Proponents of “No” on Question 3 have failed at every turn to provide actual evidence that any harm has come due to this law.
Your right as a citizen of the commonwealth comes with the right to freely and openly be yourself, and that includes the basic right of going to the bathroom you feel comfortable in.
In the 2015 U.S. Transgender Survey (USTS), of the 27,715 respondents, 30 percent “reported being fired, denied a promotion, or experiencing some other form of mistreatment in the workplace due to their gender identity or expression, such as being verbally harassed or physically or sexually assaulted at work.”
These numbers are unacceptable and quite frankly, horrifying. With the repeal of this bill, we further legitimize the violence transgender folks are subjected to.
The right to choose a bathroom is a human right.
The right to use a bathroom is a human necessity.
To avoid spewing further hateful rhetoric regarding why some will be voting no, we will not be running the “No on Question 3” column alongside this one.

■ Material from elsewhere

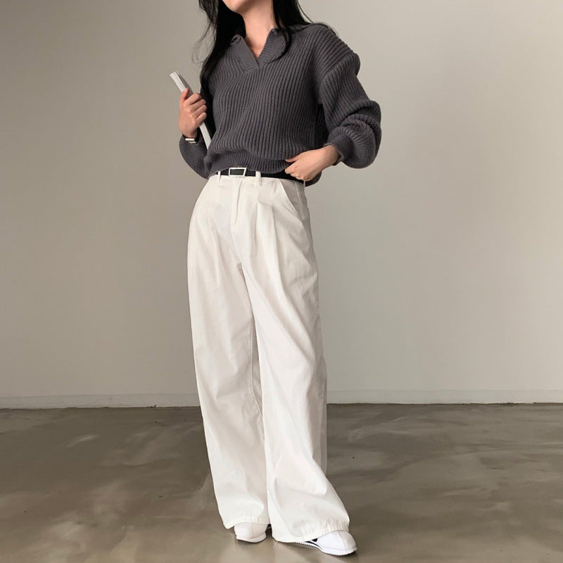 Women's V-neck Lapel Long-sleeved Sweater Slim Fit Slimming Sweater

However, we would like to take the time to address the points the Keep Massachusetts Safe (KMS) commission, the organization that collected signatures to repeal the law, has made.
Debby Dugan, chairwoman of KMS, claims the law is “ripe for abuse by criminals and convicted sex offenders.” KMS released ads depicting grown men brazenly walking into a bathroom marked “female” to peep on young girls.

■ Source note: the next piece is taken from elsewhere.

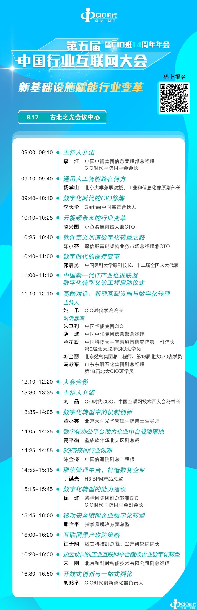 议程重磅发布:第五届中国行业互联网大会暨CIO班14周年年会

This assumption that allowing individuals to choose the bathroom they use correlates to higher rates of sexual abuse is a lie.
There is not a single documented case in Massachusetts of an adult male claiming to be transgender to access a bathroom to assault young women.
According to a study conducted by the Williams Institute at the UCLA School of Law, the law in Massachusetts does “not affect the number or frequency of criminal incidents in restrooms, locker rooms or changing rooms.”
Furthermore, this law simply protects the rights of one of the most at-risk populations in our country. It does not risk the safety of cisgender children and women.
In fact, as of print time on Nov. 2, on the KMS website that claims to have data of high rates of
bathroom assaults, the corresponding link leads to a webpage with the message, “404 – Page not found. The page you are looking for is not found.”
Much like its argument, there’s nothing there to support the claim that an anti-discrimination law in place leads to rampant assaults in bathrooms.
However, the data regarding transgender assault and murder rates is readily available.
According to The Human Rights Campaign, between January and June of 2018, there were 14 murders of transgender people in the U.S., with motives linked directly to the victims’ genders.
Supporters of repealing this bill claim it is to protect women and children. According to the USTS, 54 percent of transgender youth in K-12 have experienced some form of verbal or physical harassment related to their gender identity.
Why don’t you protect those children?
Vote “Yes” on 3 to really keep Massachusetts and our transgender community safe.